I agree with Percy that the covert coat is something one might wear in an informal setting in the city, but not, until recent decades, in the City. And II like his suggestion that the gentleman in the illustration is about to go for a walk in the park--although I suppose I question whether he would have worn brown shoes to go to church. "Sunday best," and all that.
That said, I think we all agree that today the covert coat wouldn't look very out of place in most settings, including over a suit in the City of London.But I think it still retains a slightly racy, informal air, which restricts its use a little. You wouldn't wear it in the evenings, for instance, with a smart, dark suit. I own a 20-year old covert coat I had at University, and I only wear it over informal suits.

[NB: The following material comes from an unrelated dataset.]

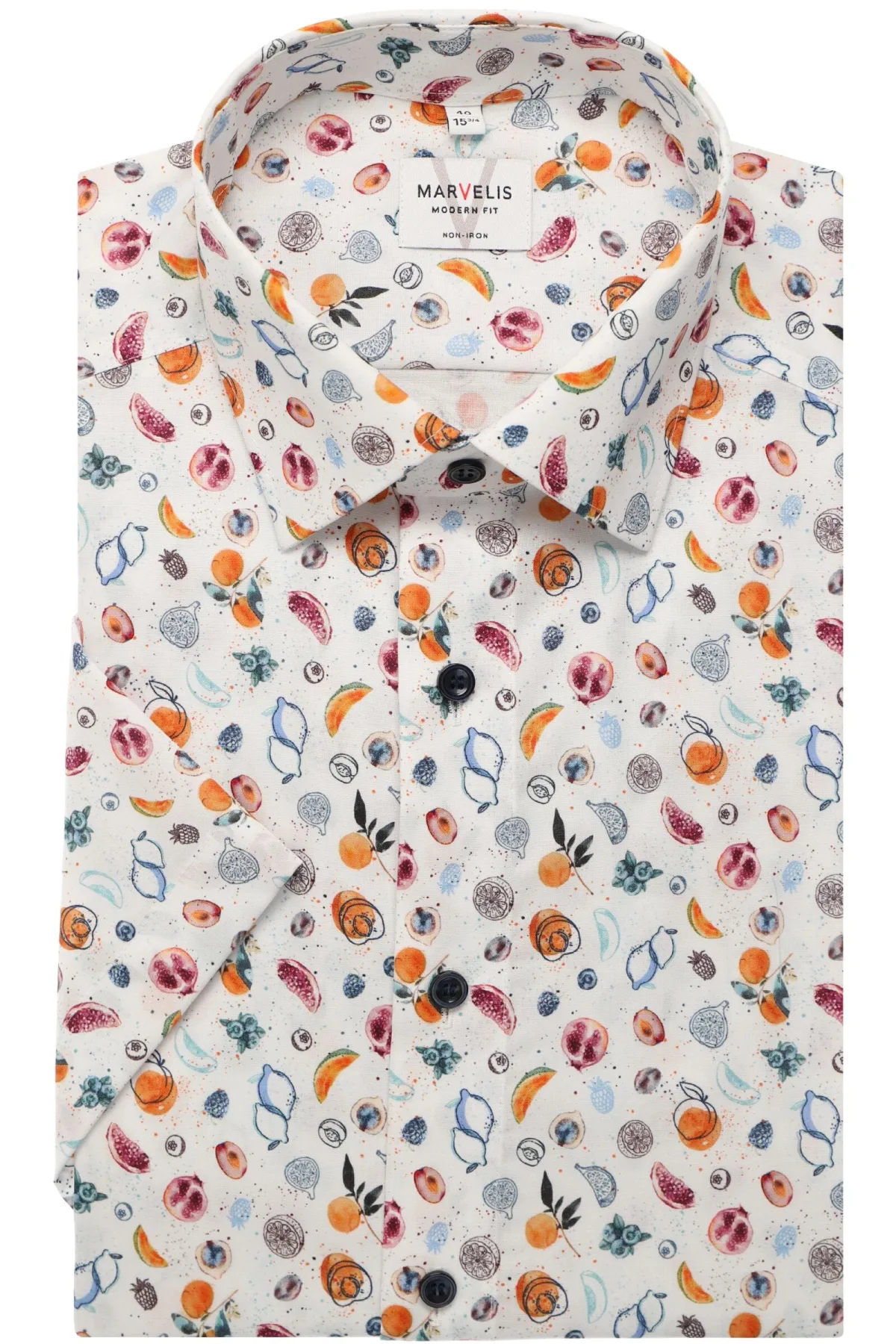 - De laagste prijs van MARVELIS modern fit overhemd korte mouw popeline wit met blauw oranje en roze fruit dessin Strijkvrij Boord werd gevonden op 24 april 2026 16:51.

But in the end, as people always note on this forum, one shouldn't be too prescriptive about these things. Although many traditional habits of dress exist for a reason (experience has shown they have balance, harmony, style--that sort of thing), so long as one is appropriately dressed to the occasion, one should dress just as one likes.
I say to Kolecho: do as you please!
Covert coat over a suit
Well said, jpontin. "Racy and informal" but dressy perfectly describes the Fellowes fellow, with the thin-soled, quite waisted, highly polished brown shoes on a town last, blue homburg and yellow chamois gloves.
Given the age, this strikes me as illustrating the same attitude toward boundary-bending within good taste that Windsor displayed over and over, bringing glen check suits and brown suede shoes in town, belted suit trousers, turn-down collars with dinner suits, etc. into "polite" usage. Since then one sees waxed Barbours over suits often enough in New York and London, the weekend suit-coat-and-jeans combination, and other "unorthodox" mixes that play on recognizing the town-and-country associations. They blend different registers of the same discourse, so to speak, and so, if well done, can look right--familiarly elegant, unstudied, con sprezzatura.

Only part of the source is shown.